» **Dataset extract**:
----------------
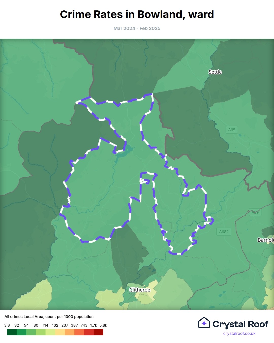 The figures in grey indicate the relative ratings of Bowland (ward) for a specific crime type compared to other wards in England and Wales.
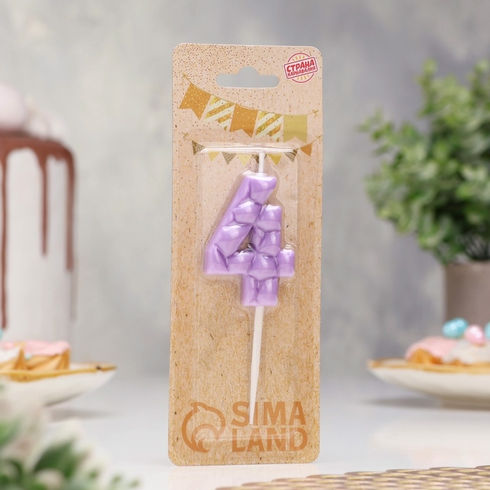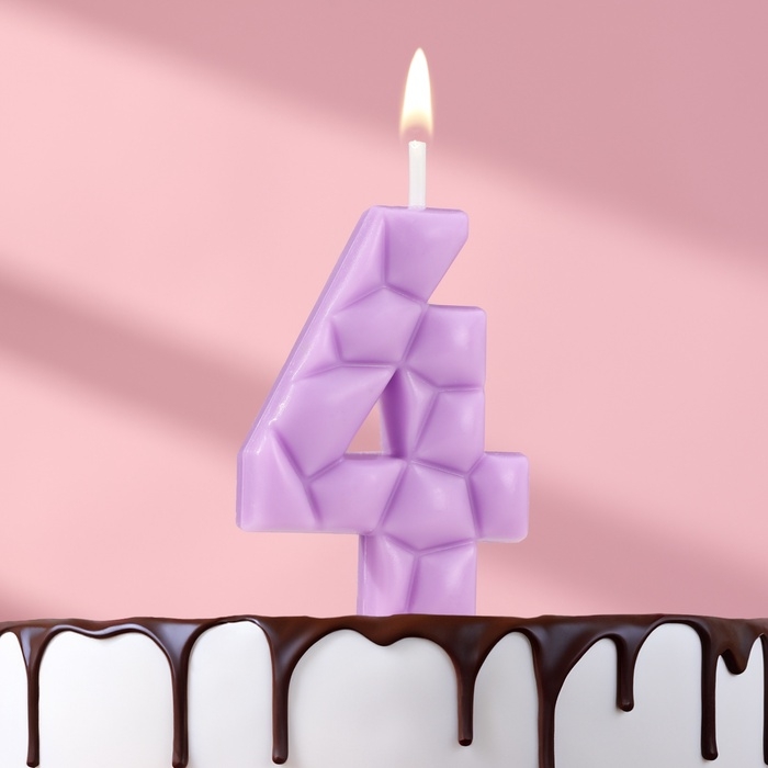 Свеча для торта "Лёд", цифра "4, сиреневая
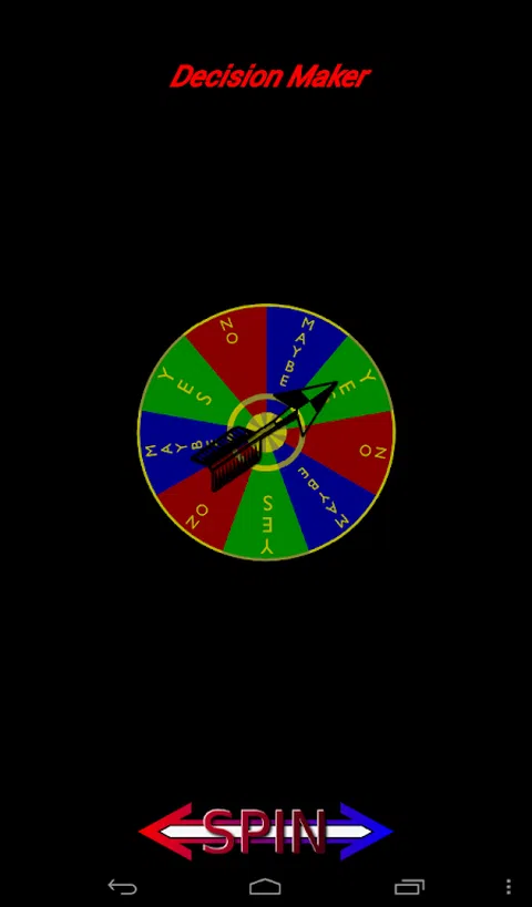 决策者 – 做出这些重要决策的好方法。 您所要做的就是转动轮子,您就知道该怎么做。 你应该吃甜点吗?旋转轮子。 你应该约那个特别的人出去吗?询问决策者。 今晚你会赢吗?决策者可能知道答案。 你会加薪吗?告诉你的老板转动轮子。 你应该穿上红色衣服吗?询问决策者。 你最喜欢的球队会获胜吗?旋转轮子。 这样的例子不胜枚举。对那些重要的决定有多大的帮助
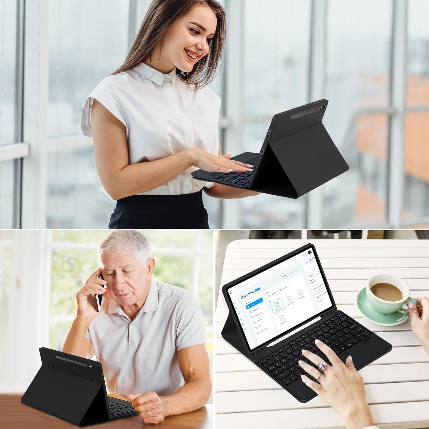 - Multi-Angle Adjustment, Detachable Keyboard: The protective case has 3 anti-slip grooves, supporting 100 degree/110 degree/120 degree angles, allowing you to use the tablet at a comfortable tilt angle and enjoy reading, drawing, watching, chatting, etc. The detachable Bluetooth keyboard can be used alone and can be removed when not in use, making it very convenient to carry
----------------
» **Task objective**:
Retype exactly. Include each line from the start of the material through the line holding "Свеча для торта", and leave the pictures out.

» **Answer area**:
 The figures in grey indicate the relative ratings of Bowland (ward) for a specific crime type compared to other wards in England and Wales.
 Свеча для торта "Лёд", цифра "4, сиреневая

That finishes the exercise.